(Stored items from a collection)
----

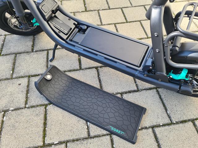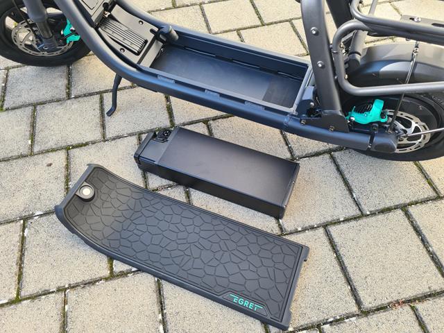 Die Li-Ion Batterie des Egret GTs erfüllt die neusten und strengsten Sicherheitsstandards für Batterien gemäß EN 50604-1. Über die bisherigen Standards hinaus beinhaltet diese Norm u.a. die Prüfung unter extremer Last, zusätzliche mechanische Tests wie Quetschtests, Temperaturschocks und simulierte Unfälle. Sicherer kann eine Batterie und ein E-Scooter aktuell nicht sein! Der leistungsstarke 48 V Schnellwechsel-Akku unter dem Trittbrett lässt sich mit einem Handgriff entnehmen und an jeder Steckdose laden.
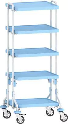 Тележка лапароскопическая пятипанельная для размещения и транспортировки лапароскопических приборов и инструментов. Предназначена для применения в лапароскопических отделениях лечебных учреждений.
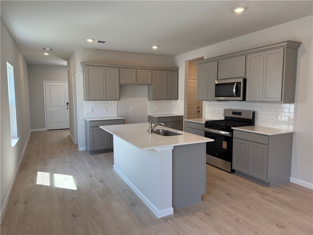 The Emma is a two-story, 3-bedroom, 2.5-bathroom home that features approximately 1,700 square feet of living space. This stunning two-story home features a large living room and dining that opens to the beautiful kitchen. The kitchen features a large breakfast bar and pantry. Upstairs you will find the large main bedroom, which offers a large, spa-like bathroom and spacious walk in closet. The second and third bedrooms and additional full bathroom are also located on the second floor. Additional modern finishes include subway tile backsplash, quartz countertops and stainless-steel appliances.
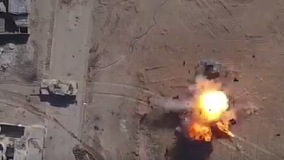 بث تنظيم "داعش" الإرهابي فيديو مروعا لعملية استهداف إحدى مدرعات الجيش العراقي بصاروخ مستخدما في ذلك طائرة مسيرة.
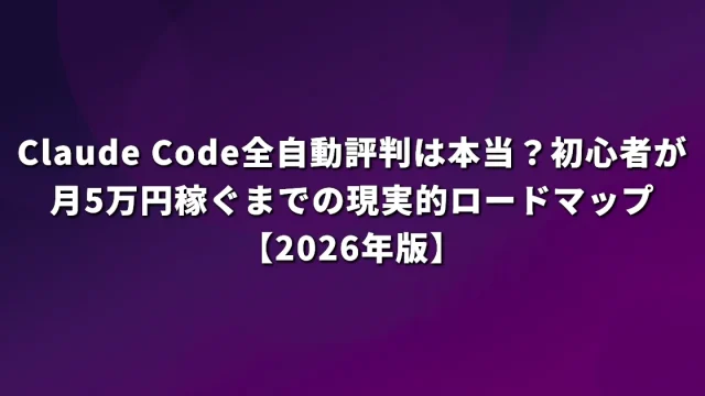 AI副業 Claude Code全自動評判は本当?初心者が月5万円稼ぐまでの現実的ロードマップ【2026年版】 Claude Codeで稼ぐのは可能ですが「全自動」は幻想。初月は赤字、3ヶ月目で月3万円が現実的。成功には正しいビジネスモデル選択と継続的な学習が必須です。 2026.04.20 AI副業副業の始め方
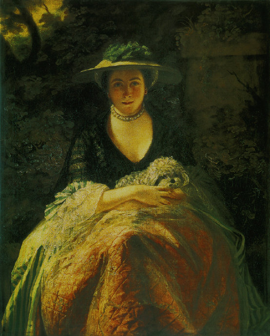 例如这件优雅精练之英国贵妇伊莉萨白‧德尔美夫人﹝Lady Elizabeth Delme﹞的肖像画,人物彷佛科雷吉欧﹝Antonio Correggio﹞的作品,风景类似范戴克﹝Sir Anthony Van Dyck﹞的画面。照在叶丛上的光线不但在树干上留下光辉,又能优雅稳重地映照在人物上面,反映出十八世纪英国人对自然的观点,因此这种风格在英国的肖像画中极受欢迎。
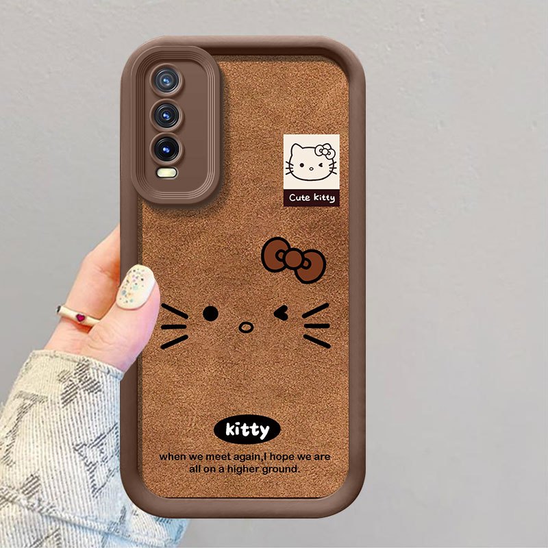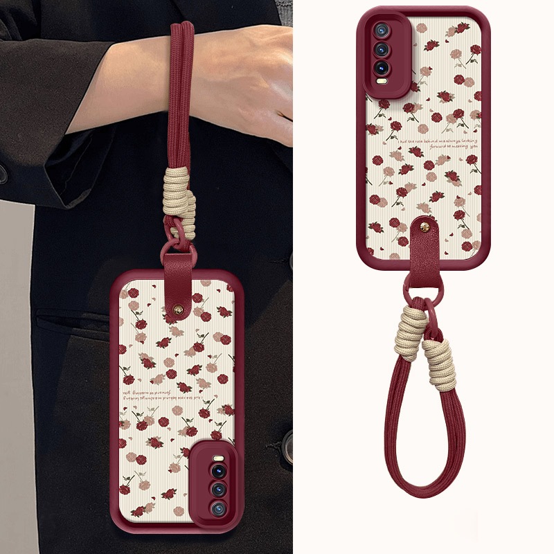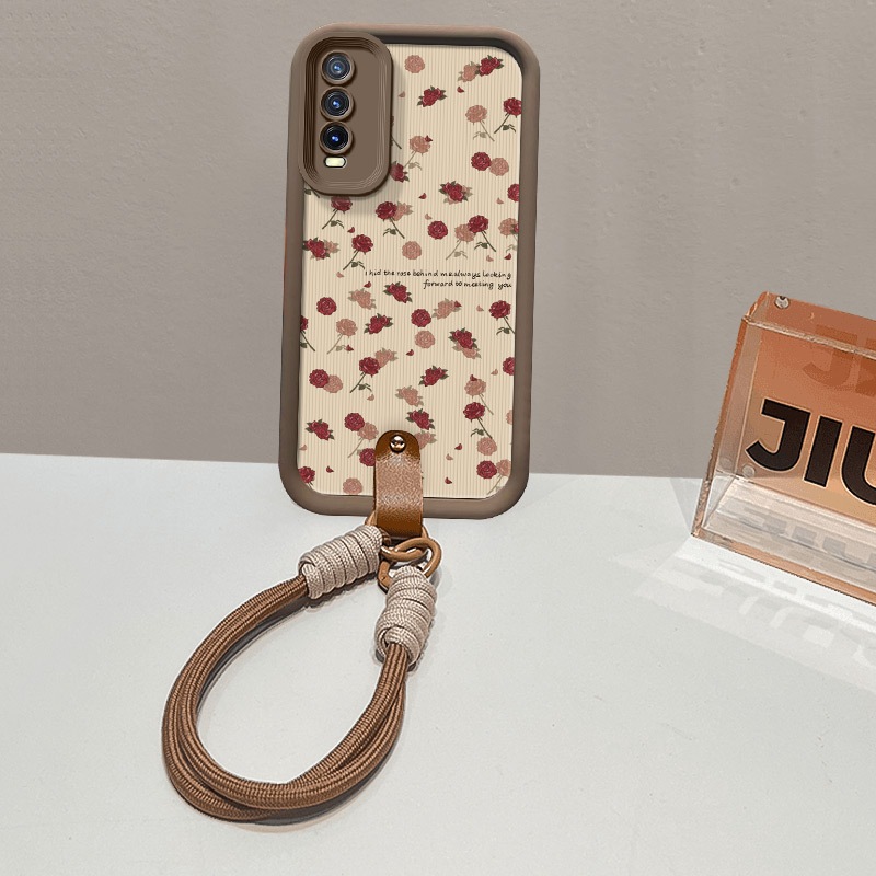 Silicone Soft Shell Cartoon Leather Phone Case Hand Strap Phone Protective Case Suitable for Vivo Y11s/Y30 2021/Y30 V2034A/V2043/V2048/V2027/V2032/V2029
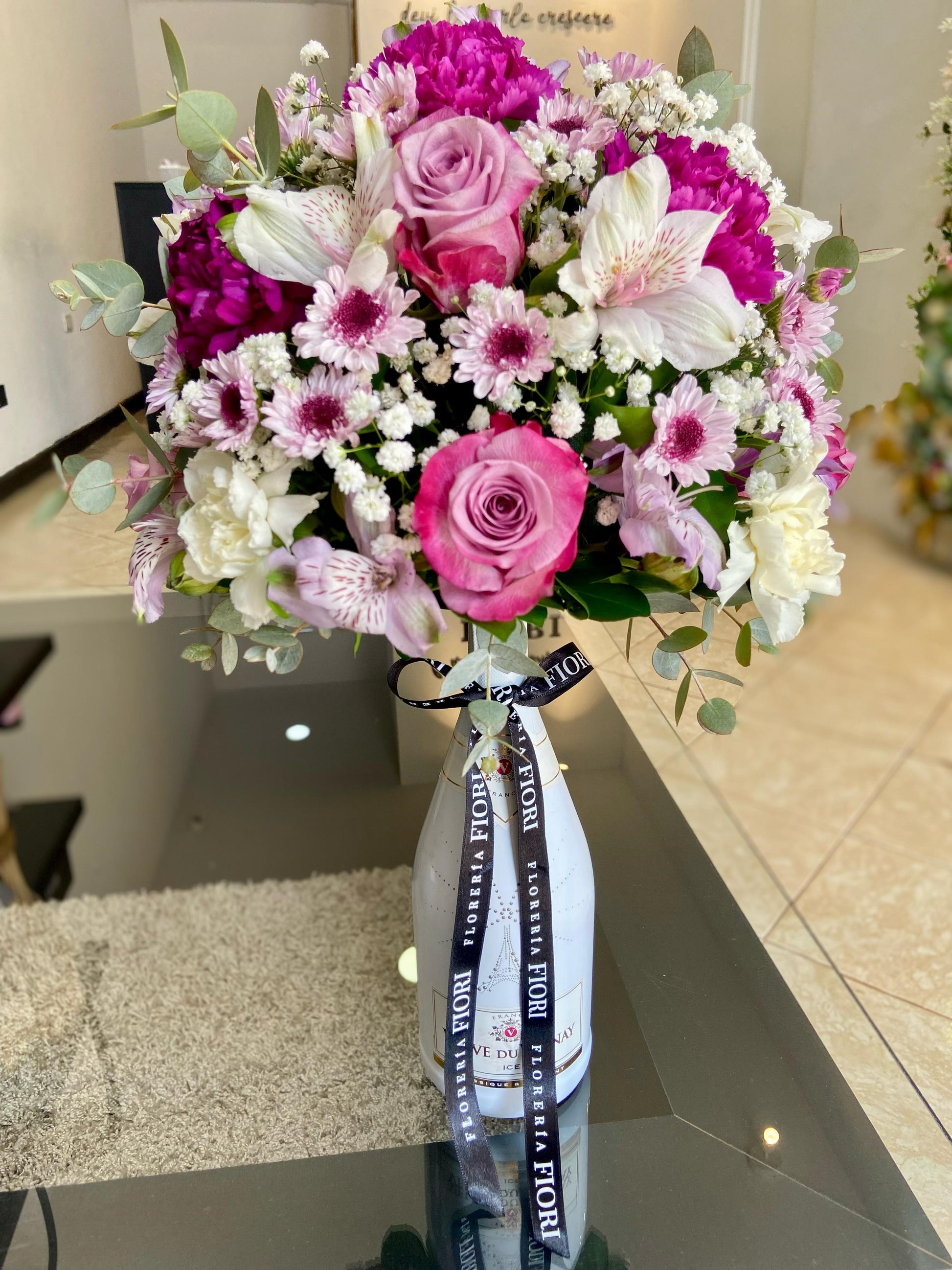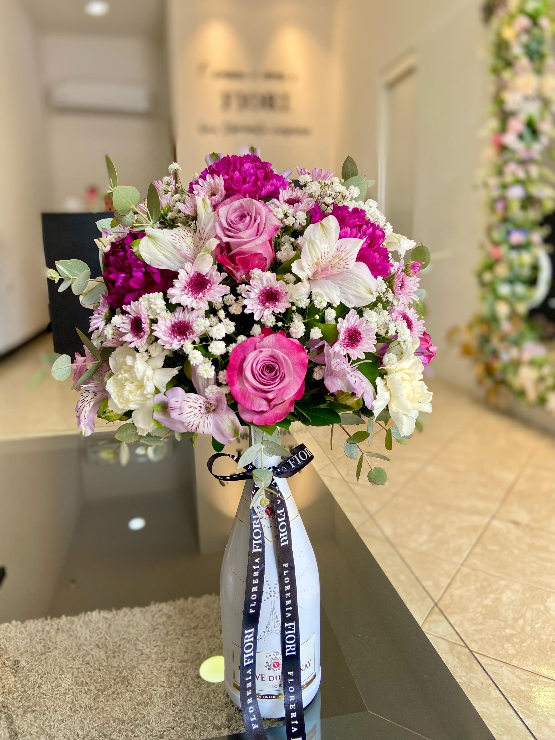 CHAMPAGNE CON MIX DE FLORES EN TONOS LILAS.
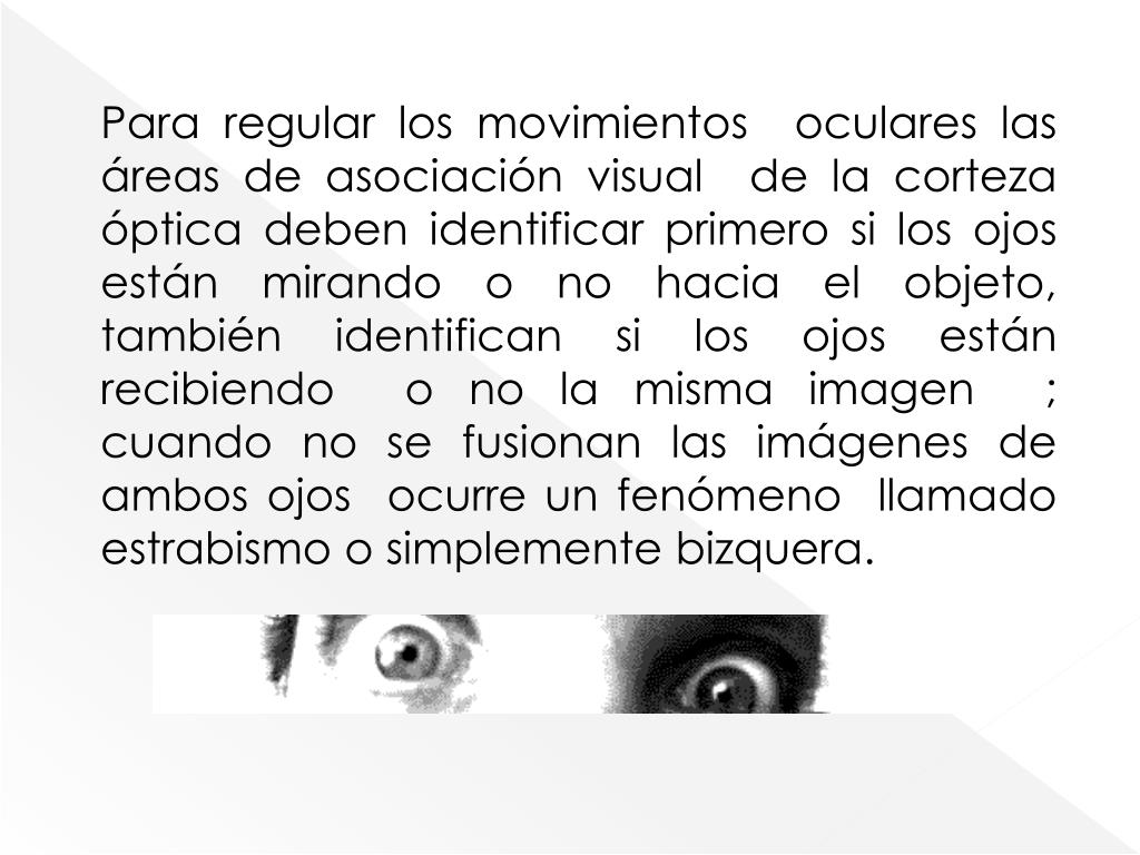 Para regular los movimientos oculares las áreas de asociación visual de la corteza óptica deben identificar primero si los ojos están mirando o no hacia el objeto, también identifican si los ojos están recibiendo o no la misma imagen ; cuando no se fusionan las imágenes de ambos ojos ocurre un fenómeno llamado estrabismo o simplemente bizquera.
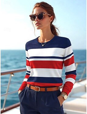 Per donna Maglietta Stampato A strisce Grafico Geometrico Oceano Vintage Moda Elegante Manica Lunga Girocollo Top Regolari Quotidiano Blu marino Estate Primavera
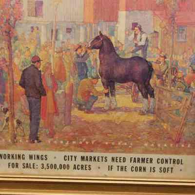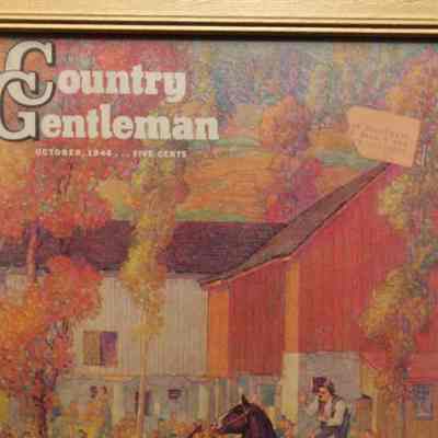 FR. 1944 COUNTRY GENTLEMAN MG. COVER DEPICTING FARM AUCTION SCENE. 10 1/2X13 1/2". WELL DRESSED AUCTIONEER WEARING A TIE, IS ON THE FARM WAGON WORKING THE DIVERSE CROWD ON THE AUCTION SALE OF A WORK HORSE. WELL DRESSED CLERK IS ON THE GROUND BEHIND THE HORSE READY TO RECORD THE SALE. KIDS AND DOGS ON THE LOOSE.Created By
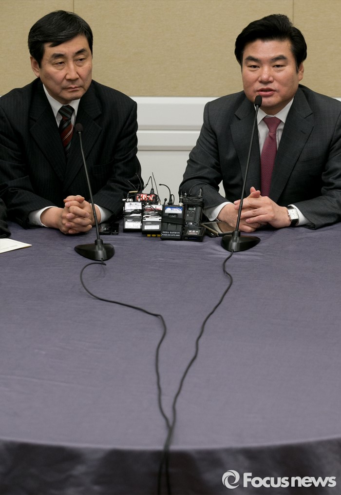 (서울=포커스뉴스) 11일 오전 서울 여의도 국회 귀빈식당에서 20대 총선 선거구 획정 기준 및 쟁점 법안 논의를 위해 진행된 여야 원내지도부 회동에 참석한 원유철(오른쪽) 새누리당 원내대표와 이종걸 더불어민주당 원내대표가 모두발언을 하고 있다.

----

WHAT YOU HAVE TO DO —
Lines starting at the one with "Para regular los" and ending at the last line of the entries above must be restated word for word, with pictures omitted.

FINAL ANSWER —
 Para regular los movimientos oculares las áreas de asociación visual de la corteza óptica deben identificar primero si los ojos están mirando o no hacia el objeto, también identifican si los ojos están recibiendo o no la misma imagen ; cuando no se fusionan las imágenes de ambos ojos ocurre un fenómeno llamado estrabismo o simplemente bizquera.
 Per donna Maglietta Stampato A strisce Grafico Geometrico Oceano Vintage Moda Elegante Manica Lunga Girocollo Top Regolari Quotidiano Blu marino Estate Primavera
 FR. 1944 COUNTRY GENTLEMAN MG. COVER DEPICTING FARM AUCTION SCENE. 10 1/2X13 1/2". WELL DRESSED AUCTIONEER WEARING A TIE, IS ON THE FARM WAGON WORKING THE DIVERSE CROWD ON THE AUCTION SALE OF A WORK HORSE. WELL DRESSED CLERK IS ON THE GROUND BEHIND THE HORSE READY TO RECORD THE SALE. KIDS AND DOGS ON THE LOOSE.Created By
 (서울=포커스뉴스) 11일 오전 서울 여의도 국회 귀빈식당에서 20대 총선 선거구 획정 기준 및 쟁점 법안 논의를 위해 진행된 여야 원내지도부 회동에 참석한 원유철(오른쪽) 새누리당 원내대표와 이종걸 더불어민주당 원내대표가 모두발언을 하고 있다.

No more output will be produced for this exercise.